Tuesday, May 4, 2010

Home Team Disadvantage?

A lot is made of the home ice advantage, but how much does it really matter? Does being in another person's stadium really affect your game that much, when you're already a highly skilled professional that visits dozens of arenas a year? After all, how much do these arenas differ? It's all just ice and empty corporate arena names that have stripped most arenas of any original character or history.

Home ice can also be a factor if you're entering a new time zone (jet lag is a major disadvantage for any visiting team) or if the ice itself is changing (NHL vs. olympic size ice).

But what about the fans? Are they really the X factor? Do they really have an influence? What about their cheers, jeers, goalie taunts, swag, flags and the dying art of the wave?

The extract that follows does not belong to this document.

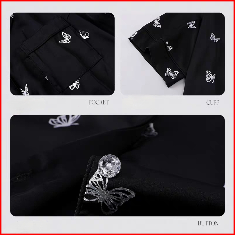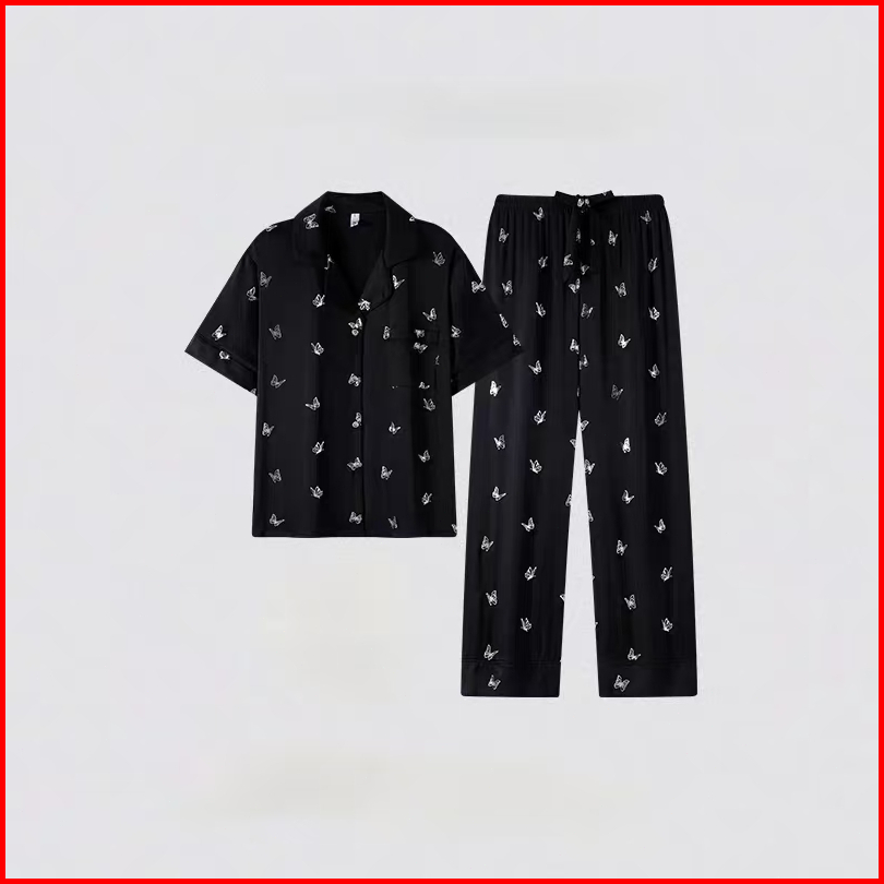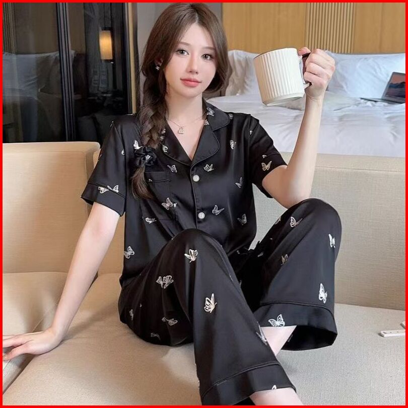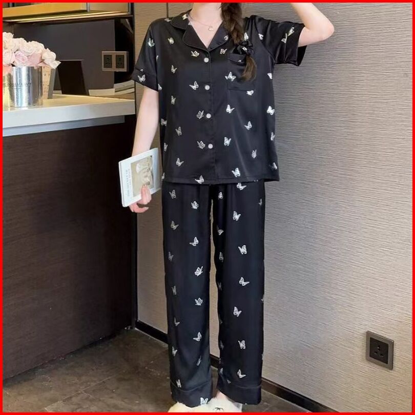 Set Piyama Kekinian Wanita Motif Kupu - Kupu Populer Dengan Bahan Halus Daster Baju Tidur Wanita Baju Tidur Piyama Tidur

As a fan myself, I know that we're all inclined to say that we do make a difference. Our passion, our drive, our emotional investment into our teams, apart from the time investment of following games and the financial investment in gear and tickets if we're lucky, surely all of that has to count for something?

I hate to burst bubbles here, particularly my own, but I don't think that we have as much of an influence as we'd like to think we do. Sure, it's demoralizing to play for empty stadiums and fan membership helps to pay the bills too. Sure, it's amazing to hear the roar of the crowd when a goal is scored, but are they really doing this just as much for us as for themselves?

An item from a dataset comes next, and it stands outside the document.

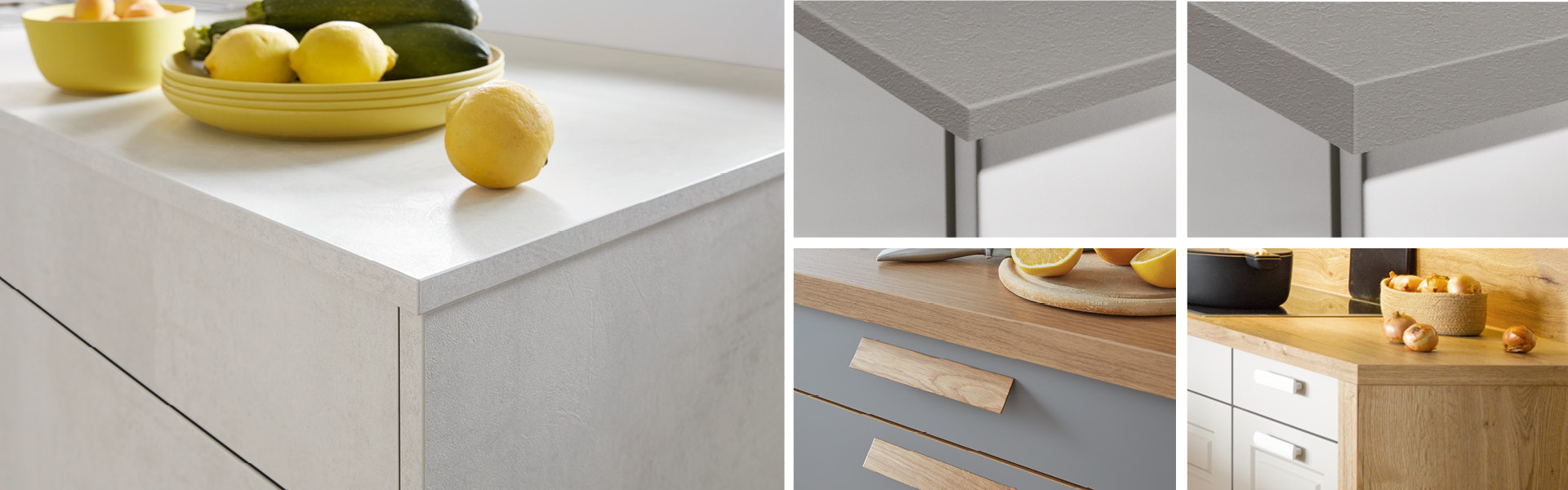 Dank der vielfältigen Auswahl an Farben und Dekoren ist für jeden etwas dabei: Wählen Sie aus einer Vielzahl unterschiedlicher Farben und Dekoren und verleihen Sie Ihrer Küche den letzten Schliff! Die reichhaltige und umfangreiche Auswahl an Arbeitsplatten ermöglicht ein perfektes Küchendesign. Lassen Sie sich inspirieren!

I've sat behind a player's bench once with tickets that I won in an auction and I can tell you right off that they don't hear as much of the stadium roar at ice level. So that heckler in the third level? I'm sure the guys around you are entertained.

As professionals, I'm sure that most players have learned to block out most of those sounds, particularly the goalies whose names regularly turn into boos. It's pretty convenient when your name actually has Boo in it (Boucher) and a little harder when the name is a bit of a trick (Varlamov everyone).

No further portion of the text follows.